Okay...I know it's been a long time and I apologize about that.  I'll try to do better.

I had planned to so something along the lines of the technical aspects of weight training.  Like; what exercises to do, which ones are helpful and which are not, how much to actually lift, and a bunch of other stuff that may be helpful to somebody just starting out at a gym.

But I'm running across friends who, though very passionate about their goals of losing weight and getting fit, are (I think) going about it in the wrong way.  They may in fact be sabotaging their efforts, causing them to become discouraged and give up.  I've seen it happen all the time.

One thing that really irks me is the tendency to look at Obesity as a Disease and overeating as an addiction.
  
Neither of those are either of them. 

First look at this idea that obesity is a disease.  Obesity CAUSES disease.  Carrying around a lot of adipose tissue (fat), especially around the organs (the belly) has a direct correlation to heart disease, stroke, high blood pressure, diabetes, some forms of cancer, and a host of physical ailments that can drastically reduce the quality and span of a life.  Obesity has pulled way ahead of smoking as the number one cause of preventable death in this country. 

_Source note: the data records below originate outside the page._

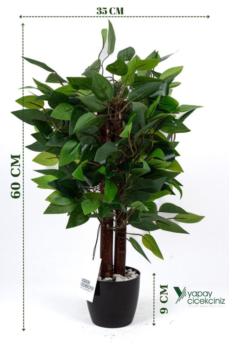 Taş Detaylı Siyah Saksıda 60 Cm Yoğun Yapraklı Yapay Benjamin Ağacı
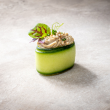 Kacsamáj mousse, sült paprika, snidling, avokádó, uborka, teriyaki, sült hagyma
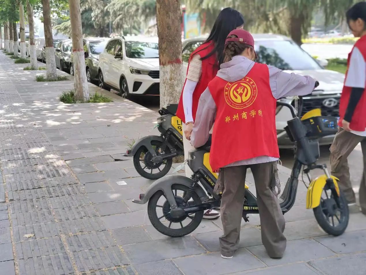 到达场地后,负责老师将志愿者们划分成若干小组,并为各个小组精准分配了任务区域。在劳动过程里,同学们互相配合,将乱停乱放的共享单车摆放整齐。遇到对交通有阻碍的单车,同学们齐心协力,共同将它们平稳地放置到指定的停放区域,摆放得整整齐的。同学们充分展现了团结合作的精神。他们互相帮助、遇到困难一起解决。当有人搬不动沉重的单车时,立刻会有同伴伸出援手,大家心往一处想,劲往一处使,为了共同美化环境的目标而努力。
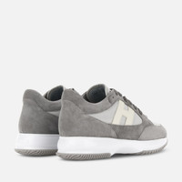 - Men's Hogan Interactive Sneakers - Made in Italy - Suede upper - Fabric inserts - Smooth leather side H - Memory foam insole 0.3 ins - Rubber outsole - Total height 2.2 ins - Maintenance and care cards included - Fabric dustbag included - Additional laces included Hogan Interactive is a timeless icon, since 1997 absolute interpreter of functional and contemporary luxury. Characterized by an elegant design and a lightweight outsole to guarantee a tall-and-slim look, these sneakers in suede and fabric feature a smooth leather side H. Perfect for a sporty chic look, they are complemented by a memory foam insole.

It's not a disease though.  A disease has a carrier agent...like a bacterium or virus.  You don't catch fat, you develop it through years and years of bad eating habits and low activity levels.  Calling obesity a disease gives the false impression that it can be treated like a disease and can be medicated.  This gives rise to all the quack Diet pills and bullshit gimmicks that have flooded the market in the last few decades.  Millions of people desperate for somebody or something to "fix" their overweight problem gravitate to hucksters who are more than willing to cure their imagined illness for a hefty price.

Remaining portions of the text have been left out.